Municipal authorities in Greece expel Roma

15 July 1999

The Group for Initiative against Racism and Xenophobia of Heraklion reported that on March 13, the municipality of Alikarnassos on the island of Crete had issued 102 Romani families with a protocol of administrative eviction on the basis of a two-year-old decision of the municipal council (no. 329/97) to evict all „tent-dwellers", a euphemism for Roma. Some 500 Roma have lived for about fifteen years on a site between a main road and the industrial zone in Alikarnassos, without access to water, electricity, the sewage system or rubbish collection. Now the municipality allegedly wants to turn the area into a sports centre and recreational site. According to the non-governmental organisation, the local municipality refuses to register Roma as residents, although some 200 children were born on the site, and, until a separate school was set up in Heraklion for the Roma four years ago, none of the children were able to attend school as the camp was not within the administrative area of any school. The Mayor of Alikarnassos has reportedly denigrated Roma in public on numerous occasions in the past, referring to the community as a whole as dirty, quarrelsome, drug dealers and criminals. The mayor also reportedly argued at a meeting of the Municipal Council for the expulsion on the grounds that the Romani settlement spoils the sight of the region - the settlement is adjacent to the national road which connects the town with the airport - and that the hotel owners have complained that the site is an eyesore. The mayor compared the Roma living in the town with „problems" of the town such as the existence of the airport, a prison and a refuse dump. On April 16, a coalition of local non-governmental organisations including the Greek Helsinki Monitor and the Drom Network for Roma Social Rights issued a statement warning the municipality against evicting the families. Local Roma have challenged the ruling and an initial hearing in the case was set to be held on May 10. This was, however, postponed until September.

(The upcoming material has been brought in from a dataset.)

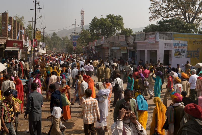 This is a crop of a much larger Pushkar street panorama. The crowded streets were more crowded because the Camel Fair and religious pilgrimage had ended the day before and people were leaving.

In other news, the municipality of Halandri, a suburb of Athens, tried in absentia thirteen Romani families, who had been living in a settlement for up to twenty years, for trespass on private land, and ordered them to leave the site by April 20. The Roma negotiated a delay of ten days with the Mayor and the Public Prosecutor in order to allow the municipality time to find a viable alternative place for the Roma to live. On April 21, a round table was held at which the municipality agreed to ask the owners of the field where the current settlement was located to rent the field to the Roma for six months until a permanent solution could be found. Mr Freddy Stamos, the secretary of the Prime Minister's Office for Quality of Life, committed financial support from the Government for rental of the field and help in finding a permanent solution to the problem. However, at a second round-table on April 29, the municipality informed participants that the owner of the field had refused to rent it out. The municipality instead offered the Romani families money to rent a house or a field if they could find one elsewhere. The Roma accepted this offer as the only viable solution, and filed an appeal against the original court decision as it was made in absentia.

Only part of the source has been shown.